Source material>

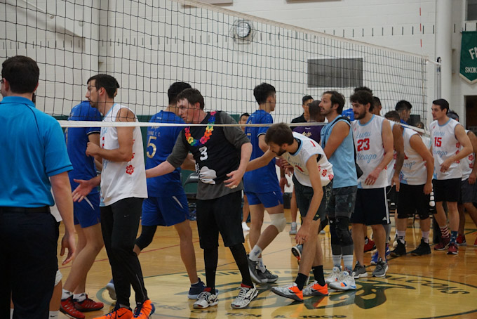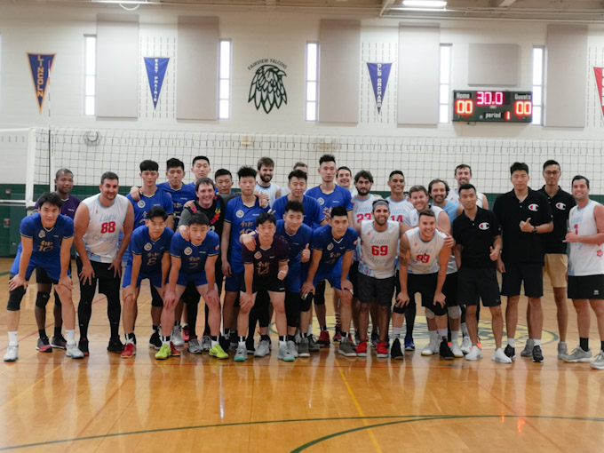 中国上海男排与芝加哥大学生联盟队luall of Chicago volleyball team赛后合影
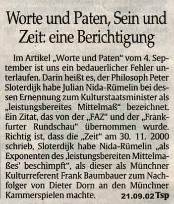 Gewiss könnte Julian Nida-Rümelin das Ressort verlässlich weiter führen. Allerdings stehen ihm auch andere Wege offen. Die Universität Göttingen wäre froh, wenn er auf seinen Lehrstuhl für Philosophie zurückkehren würde, ein Ruf an die Universität München ist nicht ausgeschlossen. Nida- Rümelin hat den Philosophen immer strikt vom Amtsinhaber getrennt und zugleich viel dafür getan, im Fach präsent zu bleiben. Eine Rückkehr in denBeruf wäre für ihn keine Niederlage.
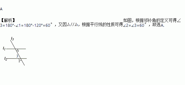 如图,直线l1、l2与直线l3相交,若l1//l2 ,?1=120º,则?2=( )
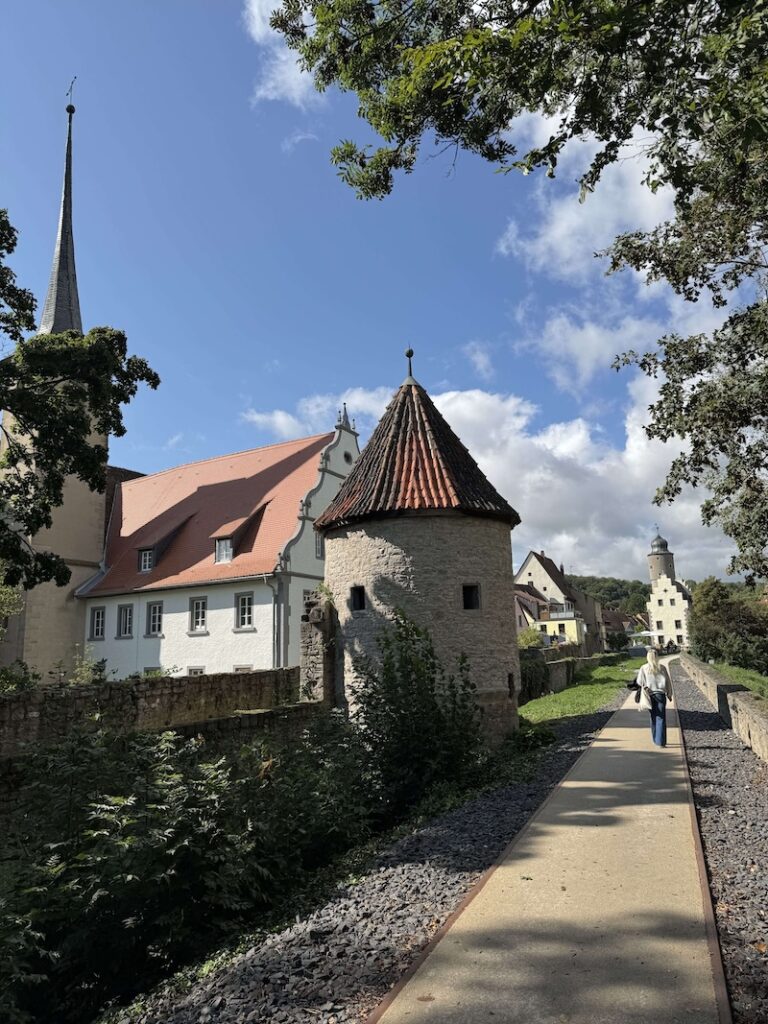 Mit einer Kugel Pistazien-Eis als Stärkung in der Hand haben wir uns in die verwinkelten Gassen der Altstadt begeben. Es ist wirklich beeindruckend, wie gut die mittelalterliche Stadtmauer und die vielen Fachwerkhäuser erhalten sind. Wir sind entlang der alten Eisenbahn-Linien vorbei an den gut erhaltenen Türmen spaziert und haben uns einfach treiben lassen. Überall gibt es etwas zu entdecken: Kleine Läden, liebevoll gestaltete Schaufenster, die zum Window Shopping einladen und historische Details an jeder Ecke. Das ist das Besondere an Ochsenfurt: Es ist nicht überlaufen, sondern hat eine ganz authentische und gemütliche Atmosphäre. Unsere Empfehlungen: Die Kräuterstube, die Buchhandlung am Turm, der Weltladen und das MainKidz.
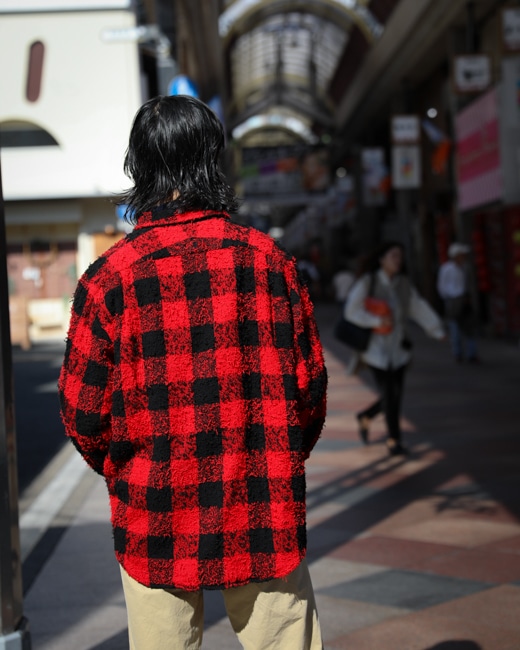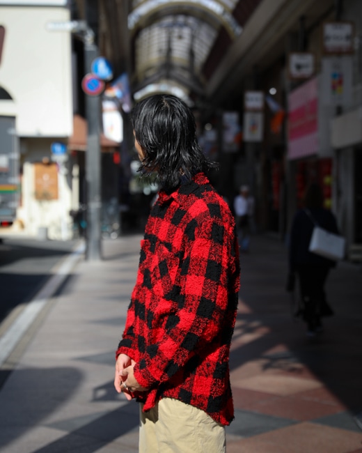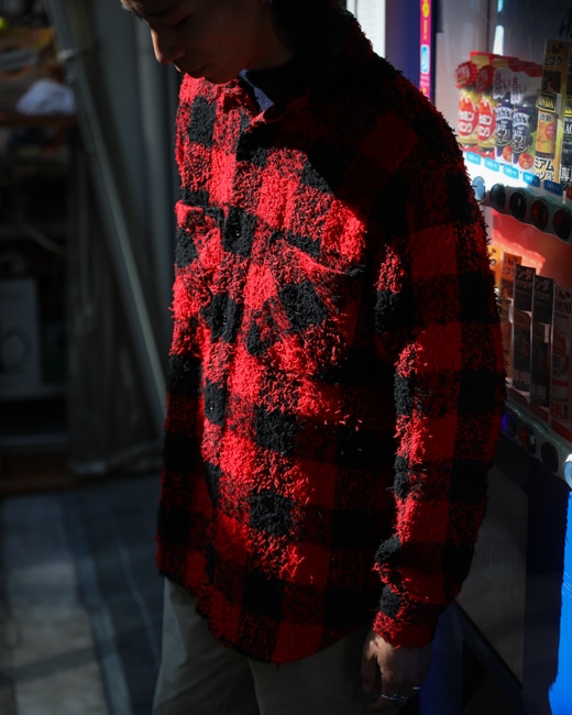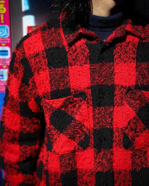 ニードル加工で引っ掻き出した、 意匠的な毛並みが特徴的なレギュラーカラーシャツ。
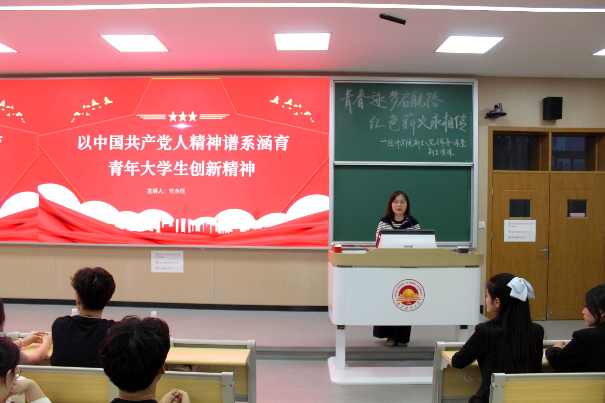 于博观楼201开展“青春逐梦启航路,红色薪火永相传”新生入党启蒙第一课暨新生团课,学院党委副书记贾亦璞老师、院团委书记潘怡老师,院团委相关同学以及全体新生共同参与本次课程。
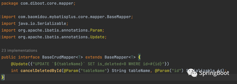 import com.diboot.core.mapper.BaseCrudMapper;import org.apache.ibatis.annotations.Mapper;@Mapperpublic interface DemoMapper extends BaseCrudMapper<Demo> {}

Assigned task>
Would you return the records exactly as written, minus any image?

Result of the exercise>
 中国上海男排与芝加哥大学生联盟队luall of Chicago volleyball team赛后合影
 Gewiss könnte Julian Nida-Rümelin das Ressort verlässlich weiter führen. Allerdings stehen ihm auch andere Wege offen. Die Universität Göttingen wäre froh, wenn er auf seinen Lehrstuhl für Philosophie zurückkehren würde, ein Ruf an die Universität München ist nicht ausgeschlossen. Nida- Rümelin hat den Philosophen immer strikt vom Amtsinhaber getrennt und zugleich viel dafür getan, im Fach präsent zu bleiben. Eine Rückkehr in denBeruf wäre für ihn keine Niederlage.
 如图,直线l1、l2与直线l3相交,若l1//l2 ,?1=120º,则?2=( )
 Mit einer Kugel Pistazien-Eis als Stärkung in der Hand haben wir uns in die verwinkelten Gassen der Altstadt begeben. Es ist wirklich beeindruckend, wie gut die mittelalterliche Stadtmauer und die vielen Fachwerkhäuser erhalten sind. Wir sind entlang der alten Eisenbahn-Linien vorbei an den gut erhaltenen Türmen spaziert und haben uns einfach treiben lassen. Überall gibt es etwas zu entdecken: Kleine Läden, liebevoll gestaltete Schaufenster, die zum Window Shopping einladen und historische Details an jeder Ecke. Das ist das Besondere an Ochsenfurt: Es ist nicht überlaufen, sondern hat eine ganz authentische und gemütliche Atmosphäre. Unsere Empfehlungen: Die Kräuterstube, die Buchhandlung am Turm, der Weltladen und das MainKidz.
 ニードル加工で引っ掻き出した、 意匠的な毛並みが特徴的なレギュラーカラーシャツ。
 于博观楼201开展“青春逐梦启航路,红色薪火永相传”新生入党启蒙第一课暨新生团课,学院党委副书记贾亦璞老师、院团委书记潘怡老师,院团委相关同学以及全体新生共同参与本次课程。
 import com.diboot.core.mapper.BaseCrudMapper;import org.apache.ibatis.annotations.Mapper;@Mapperpublic interface DemoMapper extends BaseCrudMapper<Demo> {}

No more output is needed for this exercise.